Dark Vader

Photo: Kristina Alexanderson
Photo: Kristina Alexanderson

Note: I originally wrote this post in November but for some reason never published it. (Unpublished posts probably outnumber published ones on this blog!) I just read through it again and decided it needs to see the light of day. Enjoy!

Darth Vader. What a villain. At least that’s how we usually see him. After all he does murder countless innocents and aid a tyrant in his ascent to unchecked galactic power, not to mention killing his former master and friend and guiding the construction and deployment of not one but two planet-annihilating weapons.

On the other hand, you can also see Darth Vader as being quite a bit like the rest of us.

He comes from the middle of nowhere and takes an opportunity to improve his life. He thinks robots are cool and he loves his mom. He learns and grows, marries, has kids, advances in his career, and then goes through a (slightly early) mid-life crisis where the validity of everything he’s ever stood for is challenged. He’s shown a new worldview, one where good is evil and evil is good, and it’s frighteningly persuasive. And at some point, he has to make a choice. And he chooses darkness.

At its heart, Vader’s conflict seems to be a battle of ideologies—those of the Jedi and the Sith, built on opposite poles of the Force’s power. At some point, the dark voice—strengthened by the power of Anakin’s fears—becomes persuasive, and the Jedi wunderkind succumbs, transforming into the thing he swore to fight, something he never thought he could be.
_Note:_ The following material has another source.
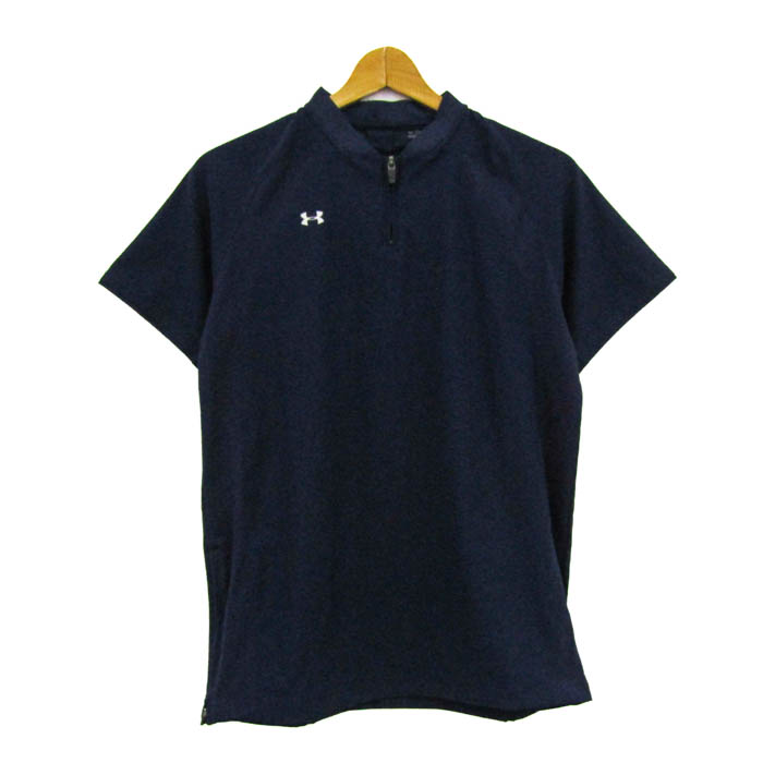 アンダーアーマー 半袖Tシャツ トップス ハーフジップ ストレッチ スポーツウエア メンズ SMサイズ ネイビー UNDER ARMOUR 【中古】

If this fight over our own direction and identity isn’t universally human then I don’t know what is. Darth Vader—everyman.

Photo: Duane Romanell
Photo: Duane Romanell

Of course, (and I’m giving no spoiler alert here since this all came out 32 years ago) Anakin/Vader eventually finds the good in himself, repents, and turns back to the light. But to get there he goes through over three decades of profound darkness. He oppresses an entire galaxy. He’s horrible.

I certainly can’t recommend that approach to anyone. But I think there’s something to be said for the darkness. The forest must burn down in order to be renewed. Mourning precedes healing, winter comes before spring. Maybe it isn’t the only way of resolving our inner turmoil, but sometimes it is a way.

Sometimes, letting the night come is the only way to get to day.